I concluded that I wanted nothing more in the opium line, and declined to go. I may have been too fastidious, but I had not then travelled as much as I have in later years, and novices, you know, are inclined to be particular.

A sewer, whether abandoned or not, has few charms. At St. Louis there are, or were when I was last there, some of the smaller sewers that are so broken at their mouths, near the river’s edge, as to present the appearance of natural springs where the water oozes up through the sand. One day a gentleman was standing near one of these sewer mouths, when two countrymen came strolling along the bank, one of them thirty feet ahead of the other.
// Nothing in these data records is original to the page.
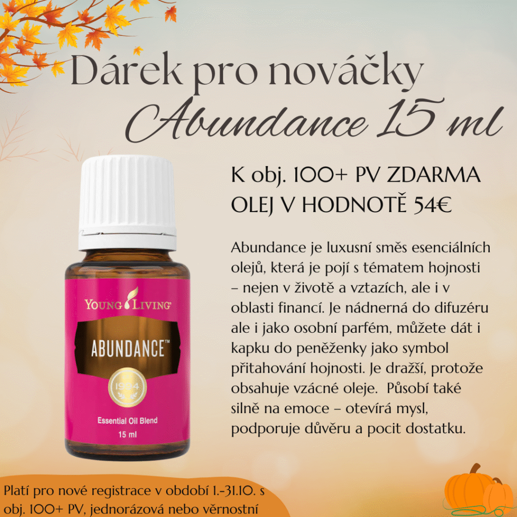 Každý nováček, který objedná alespoň za 100 PV dostane jako dárek olej Abundance 15 ml, který stojí ve velkoobchodní ceně 1350 Kč a neznám nikoho, kdo by ho nemiloval.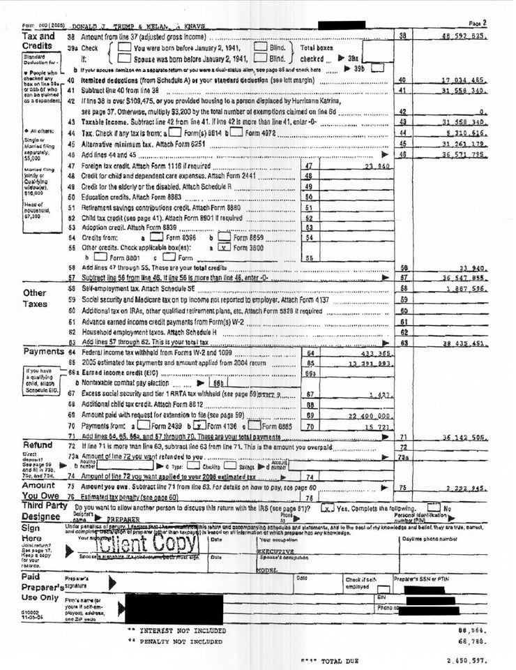 | 牛腰時報炒冷飯,說川普二十年了基本不交稅。這是2005年稅表 |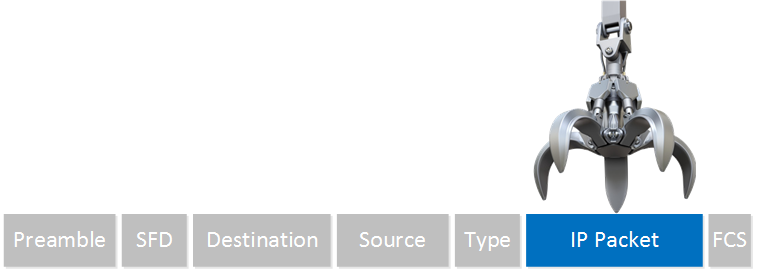 - 프레임에서 IP 패킷을 역캡슐화하고 이더넷 프레임을 폐기합니다.

As the foremost of the twain spied the water slowly pouring from the earth, he shouted to his friend,—

“Hullo, Jim; here’s another spring!”

“Well, Gaul darn it,” answered the other, “if tain’t no better water than the last we found I don’t want none of it.”


LV.

GOLD AND ITS USES.

ANTIQUITY OF GOLD.—ITS WORSHIP.—ANCIENT GOLD MINES.—KING SOLOMON.—GOLD IN AMERICA.—STORY OF A HUNTER.—THE SHEPHERD AND THE CHILD.—HOW PIZARRO EUCHRED THE PERUVIAN KING.—SUTTER’S FORT AND SAW-MILL.—MARSHALL’S DISCOVERY IN THE MILL-RACE.—ROMANCE AND REALITY.—SPREADING THE NEWS.—NAVIGATION UNDER DISADVANTAGES.—THE GOLD EXCITEMENT.—THE PAN AND ROCKER.—THE AUTHOR AS A GOLD MINER.—HOW HE WORKED THE ROCKER.—HARRY AND HIS TIN DIPPER.—DISAPPOINTMENT AND DINNER.—VICISSITUDES OF GOLD MINING.

The most valuable metal generally known is gold, and it is likewise one of the most ancient. It is found in various parts of the globe, and is sufficiently scarce, and sufficiently hard to obtain, to make it precious. No doubt there is enough of it in the composition of this globe, if it could be easily obtained, to make it a very common metal. An Irishman once said, speaking of the gold mines of California, that there was sufficient of the precious metal there, but it was terribly mixed up with dirt. If it were not for this mixing with dirt, and the difficulty of separating it, all of us might have gold enough and to spare, though it is quite possible that it might be of no more value than tin or brass.